Idiophantis paraptila

Scientific classification
- Domain: Eukaryota
- Kingdom: Animalia
- Phylum: Arthropoda
- Class: Insecta
- Order: Lepidoptera
- Family: Gelechiidae
- Genus: Idiophantis
- Species: I. paraptila
- Binomial name: Idiophantis paraptila Meyrick, 1916

= Idiophantis paraptila =

- Authority: Meyrick, 1916

Species of moth

Idiophantis paraptila is a moth of the family Gelechiidae. It was described by Edward Meyrick in 1916. It is found in Sri Lanka.
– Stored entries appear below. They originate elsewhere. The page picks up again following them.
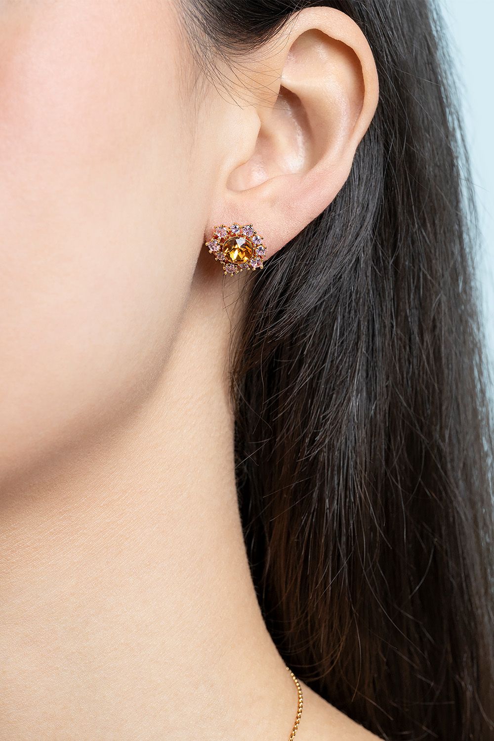 Valoa säteilevät Emily-korvakorumme luovat lumoavan ilmeen persikanvärisellä kivellä, jota täydentävät pienemmät vaaleanpunaiset kristallit. Kultaistutus tappilukolla. Täydennä tyyliäsi muilla Emily-mallistomme osilla.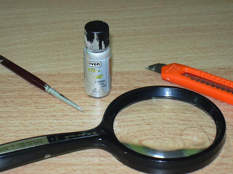 Aquí tienes la foto del bote y resto de herramientas. El bote está un poco derramado... pasa cuando lo agitas sin que esté bien cerrado [uzi] Pero no ha caido ni una gota en la placa ;)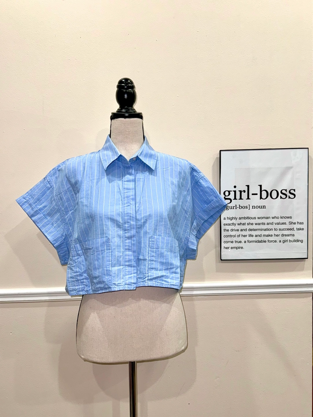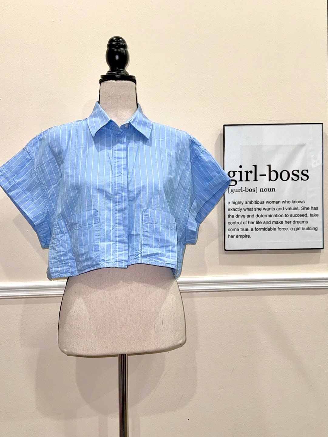 Short sleeve cropped button-up shirt. Blue and white striped pattern.
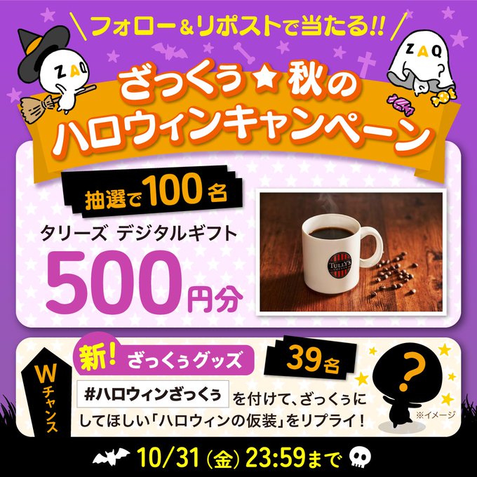 ハッシュタグ【ハロウィンざっくぅ】をつけて、ざっくぅにしてほしいハロウィンの仮装をリプライ(写真やイラストも◎)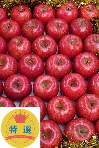 「欠点のほとんどない大玉のりんご。普通品用に選別された原箱の中から、更に厳選して選別されます。出荷等級的には1~2番手のりんごです。玉サイズは、1段当り16~12個程度の大きさ(生態が遅れた年は18個程度も含む)のもの」となります。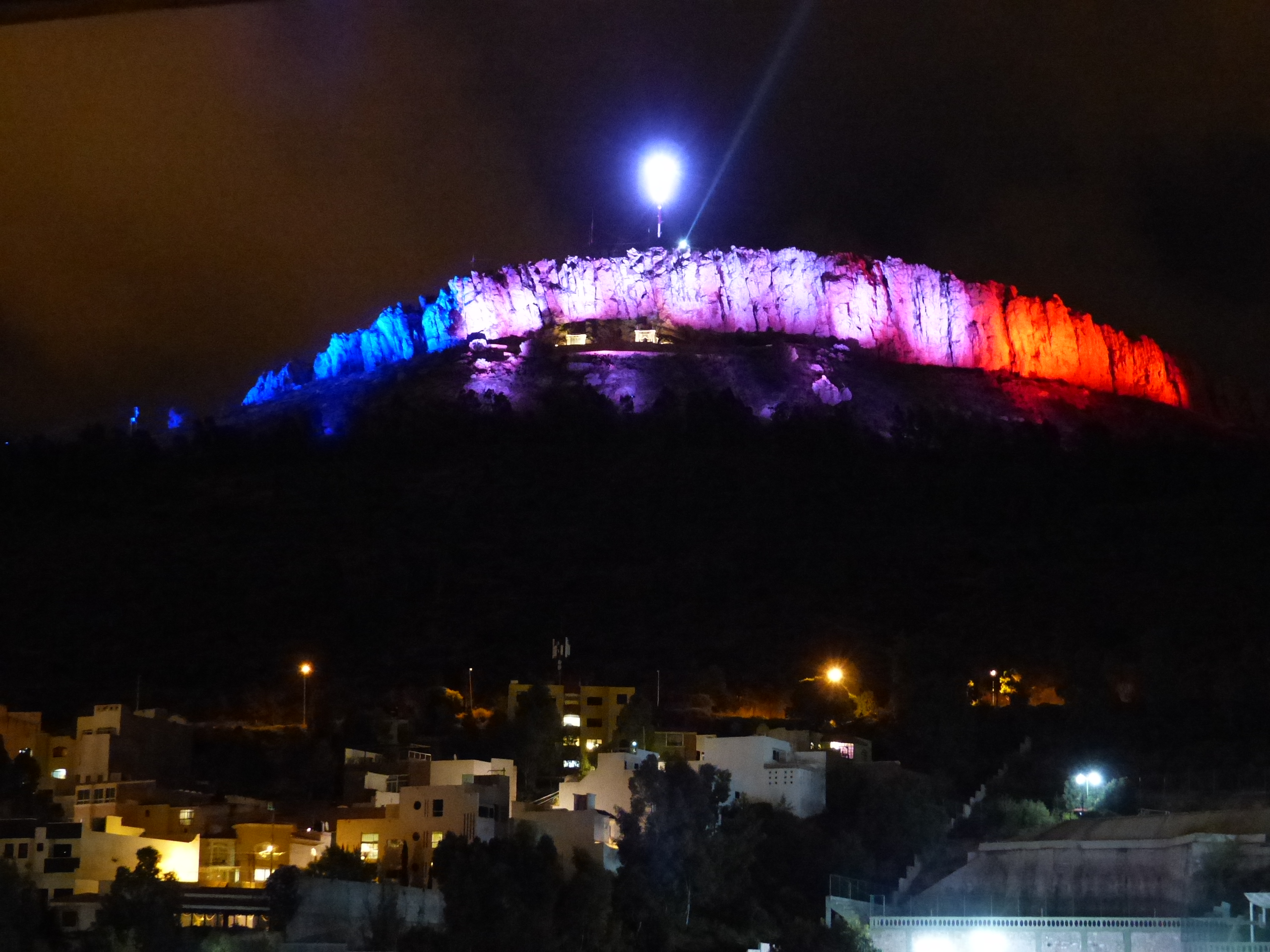 Gestern habe ich dann auch gemerkt, dass es wirklich angekommen ist, selbst bei der Regierung oder wer auch immer für die Beleuchtung zuständig ist. Statt der mexikanischen Farben erleuchtete La Bufa – der Berg über Zacatecas in der französischen Flagge.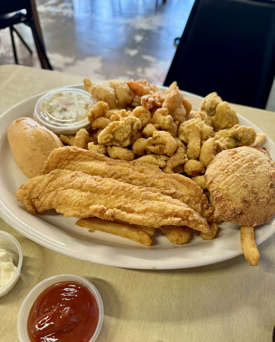 We absolutely loved the food! Flouder and fried shrimp were delish! Salad was fresh and hush puppies were so good! Can't believe we haven't eaten here sooner. The staff was friendly and prices were reasonable. Definitely check this place out!

The wingspan is about 11 mm. The forewings are pale ochreous suffusedly irrorated (sprinkled) with light fuscous. The first discal and plical stigmata are indicated by small cloudy fuscous spots, the plical obliquely posterior. There is a fine obtusely angulated grey-whitish line from two-thirds of the costa to the dorsum before the tornal prominence, becoming white on the costa, marked just beneath the angle with a blackish dot, and with a minute black dot on the lower extremity. The tornal prominence is tinged with shining purplish, becoming coppery metallic on the upper margin, with a deep bluish longitudinal mark on the tornal margin edged above with ochreous. The apical prominence is pale yellow ochreous, cut by a very fine oblique whitish line irrorated with fuscous near and parallel to the preceding line. The hindwings are rather dark grey.